Thursday, 8 March 2007

Pierre de Wiessant - Auguste Rodin

The character Pierre, from Rodin's evocative Burghers of Calais ensemble sculpture, which I was considering using for the latest Free Radical cover until we discovered the perfectly suited image you now see.

But Pierre de Wiessant is a great figure in his own right, one of Rodin's finest in my view, and part of a piece of intense nobility, and powerful human drama -- and doesn't that hand just say so much?
The Burghers of Calais (Les Bourgeois de Calais) is one of the most famous sculptures by Auguste Rodin, completed in 1888. It serves as a monument to an occurrence in 1347 during the Hundred Years' War, when Calais, an important French port on the English Channel, was under siege by the English for over a year.

The story goes that England's Edward III, after a victory in the Battle of Crécy, laid siege to Calais and Philip VI of France ordered the city to hold out at all costs. Philip failed to lift the siege and starvation eventually forced the city to parlay for surrender. Edward offered to spare the people of the city if any six of its top leaders would surrender themselves to him, presumably to be executed. Edward demanded that they walk out almost naked and wearing nooses around their necks and be carrying the keys to the city and castle...
NB: MOMA has a great booklet discussing the Burghers. Definitely worth a read.
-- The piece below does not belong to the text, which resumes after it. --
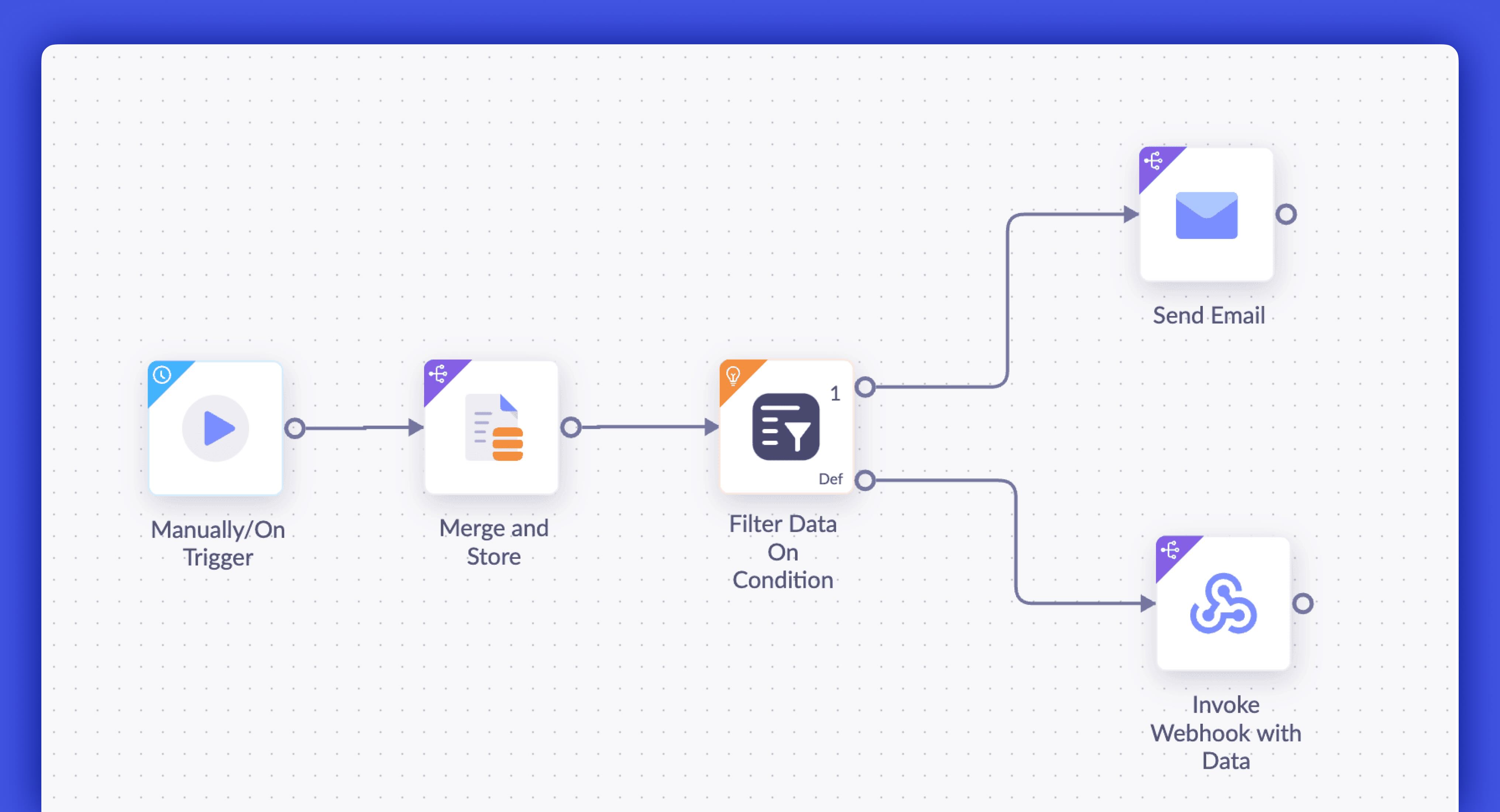 Simply drag and drop the desired cards onto the canvas, arrange them into clusters, and design end-to-end workflows seamlessly.

RELATED POSTS ON: Art, Sculpture


  1. Beautiful!
    Many years ago, as a teenager I visited the Melbourne art centre (or museum, I forget which) and came unexpectedly on Rodin's 'Balzac.'
    It was like being hit with a cattle prod-- nobody had told me anything like this existed!
    For the next couple of hours I just looked. Went away and came back and looked again.
    Hard to beat as a first encounter with great art and nothing since has equalled it.

  2. I know it. Up until a couple of years ago, I hadn't been a fan of the 'Balzac,' having only seen it in pictures, or in crowded rooms.

    And then a couple of years ago I was in Melbourne for a week, and I discovered it in that sculpture courtyard. Wow! What power! It seemed to 'hold' the whole city! And in 'real life,' like all of Rodin's work, I swear that it actually seems to move.

    I came back and visited it every day. :-)

    PS: I felt the sme when I stumbled upon the Burghers at Westninster, just down from the Houses of Parliament. Like you say, it was like being hit with a cattle prod.

    Except better. :-)

    PPS: You've descibed one reason I perist wit these art posts. Mostly because, I confess, I really enjoy them, but partyly too so that others can have that same experience you describe from all the great art out there that is buried tehse days beneath the McCahons and the Hoteres and the likes of the Turner Prize winners.

    I want people to say just as you've said, "It was like being hit with a cattle prod-- nobody had told me anything like this existed!